First Let's define all given things
L2 and RAM has hit rate 10% out of which 95% which is 9.5% in total
RAM has hit rate 5% of 10% = 0.5%
AMAT = L1_hit * L1_T + L2_hit * L2_T + RAM_hit * RAM_T
AMAT = 0.9*1 + 9.5*20 + 0.5*220
AMAT = 300.9ns
First cache called L1 is reside on CPU is too fast. When CPU needs data, it checks in L1 cache but if it is not there it will go to L2. L2 cache is sometimes on CPU or outside CPU it depends on architecture of CPU. It does similarly and here also it missed then it fetch data from RAM which is expensive process.
Shouldn't the answer be 3.9ns?
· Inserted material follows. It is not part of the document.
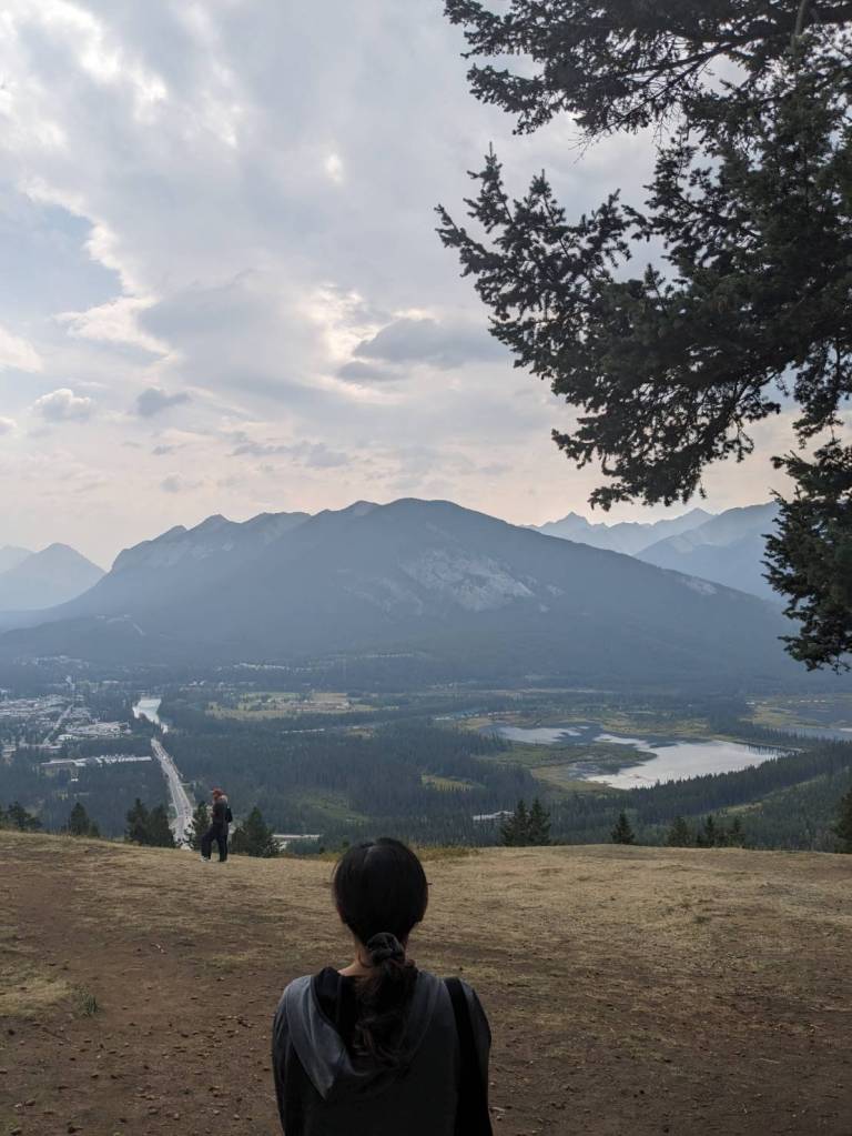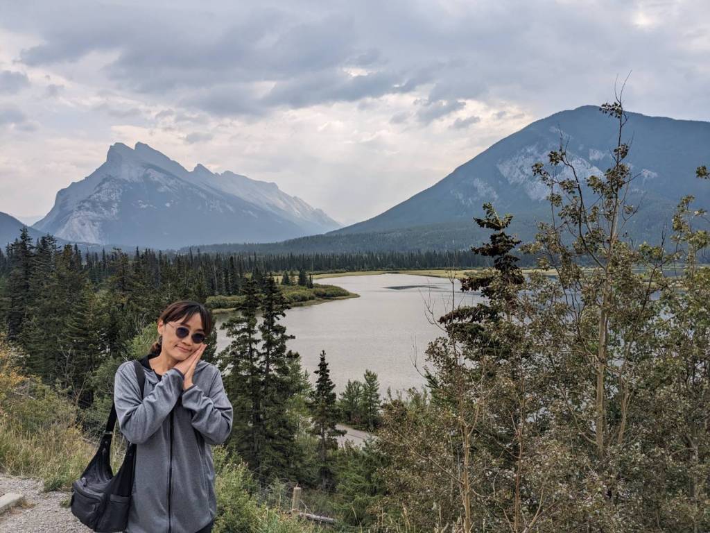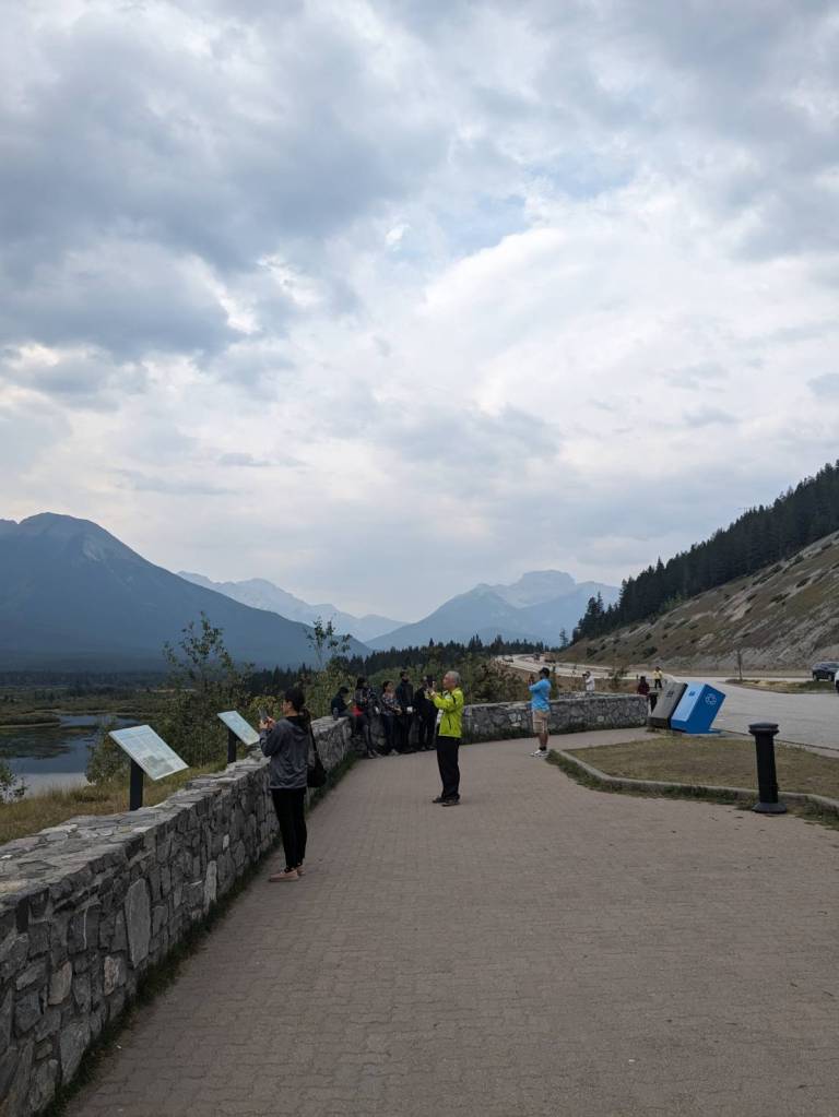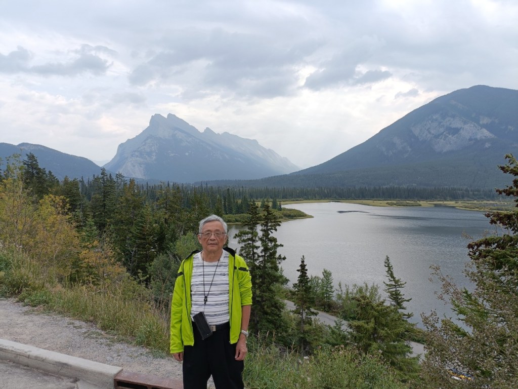 在「朱砂湖觀景點」(Vermilion Lakes Viewpoint)欣賞山湖美景,前方左邊為「藍道山」(Mount Rundle)群山,右邊則是「硫磺山」(Sulphur Mountain)。

When looking at the percentages you gave AMAT = .9 * 1 + 9.5 * 20 + .5 * 220
this would mean you had a hit 950% of the time in l2 and 50% of the time in RAM.
This should have been: AMAT = .9 * 1 + .095 * 20 + .005 * 220
be careful about your percentages.
What is a two-level cache system? or b) how to calculate the time required [for the average memory access]?.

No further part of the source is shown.